23.12.2010 (true story)

bari, il ventitre dicembre duemiladieci, è una città nuvolosa e spazzata dal vento, ma al tempo stesso umida e calda.
mi presento davanti il tribunale penale, sede anche della procura della repubblica, parcheggiando ("ci metto pochi minuti" penso) sulle strisce pedonali.
un timore riverenziale mi impedisce di parcheggiare, nonostante l'ora mattutina, all'interno.
spengo il motore, guardo la mia cartellina, c'è tutto.
una volta entrato vado dritto verso l'appuntato dei carabinieri che staziona all'ingresso.
"scusi, dove posso consegnare la domanda per..." domando
"secondo piano" risponde senza farmi finire
ascensore, secondo piano.
altro carabiniere
"scusi, in quale ufficio devo depositare la domanda per il concorso..."
"oggi che giorno è?"
"ventitre dicembre"
si volta verso il muro, c'è un foglio a4 con sopra scritto che le domande vanno depositate entro il 23.12.2010
"in fondo, seconda porta, dopo la colonna"
mi trovo di fronte la seconda porta. busso. entro.
un gruppo di cancelliere e operatrici chiacchierano "come se non ci fosse un domani" (cit.)
"devo depositare la domanda..."
"prego, dalla dottoressa"
la dottoressa è cordiale e mi chiede nome e cognome
batte lettere sulla sua tastiera.
poi mi chiede la domanda, i documenti e la foto.
appone un timbro, una data e una firma.
gira il monitor verso di me. con il dito mi indica una scritta.
"domanda inviata il 21.12.2010 e consegnata il 23.12.2010, va bene?"
"va bene"
"arrivederci e buon natale"
"arrivederci, auguri"
scendo a piedi cercando già una scusa per giustificare la mia assenza nella primavera romana.
all'uscita i segni.
pezzi di intonaco sono appena crollati dalla facciata esterna del palazzo e per poco non hanno preso in pieno una signora.
un addetto si giustifica chiedondosi come possa essere accaduta una cosa del genere (mente sapendo di mentire).
volto lo sguardo e incrocio gli occhi di un noto sostituto procuratore che assiste alla scena mentre si avvia verso la porta d'ingresso.

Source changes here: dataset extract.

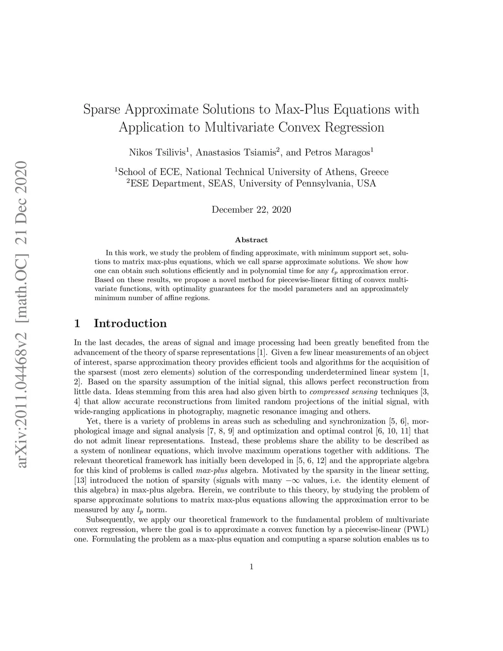 In this work, we study the problem of finding approximate, with minimum support set, solutions to matrix max-plus equations, which we call sparse approximate solutions. We show how one can obtain such solutions efficiently and in polynomial time for any approximation error. Based on these results, we propose a novel method for piecewise-linear fitting of convex multivariate functions, with optimality guarantees for the model parameters and an approximately minimum number of affine regions.

l'interpretazione dei segni:
1) la giustizia cade a pezzi.
2) c'è gente più competente del sottoscritto.

morale dei segni:
la mattina del ventitre dicembre duemiladieci potevo dormire un altro pò e andare, taciturno e selvaggio, in studio senza proferire parola.

(tutto ciò mentre a foggia si guardano documentari sulla legalità e si contesta l'interpretazione dei segni con altra fondata su fervide fantasie)

post scriptum: il presente post non è mai stato scritto e può essere utilizzato contro chiunque sostenga il contrario.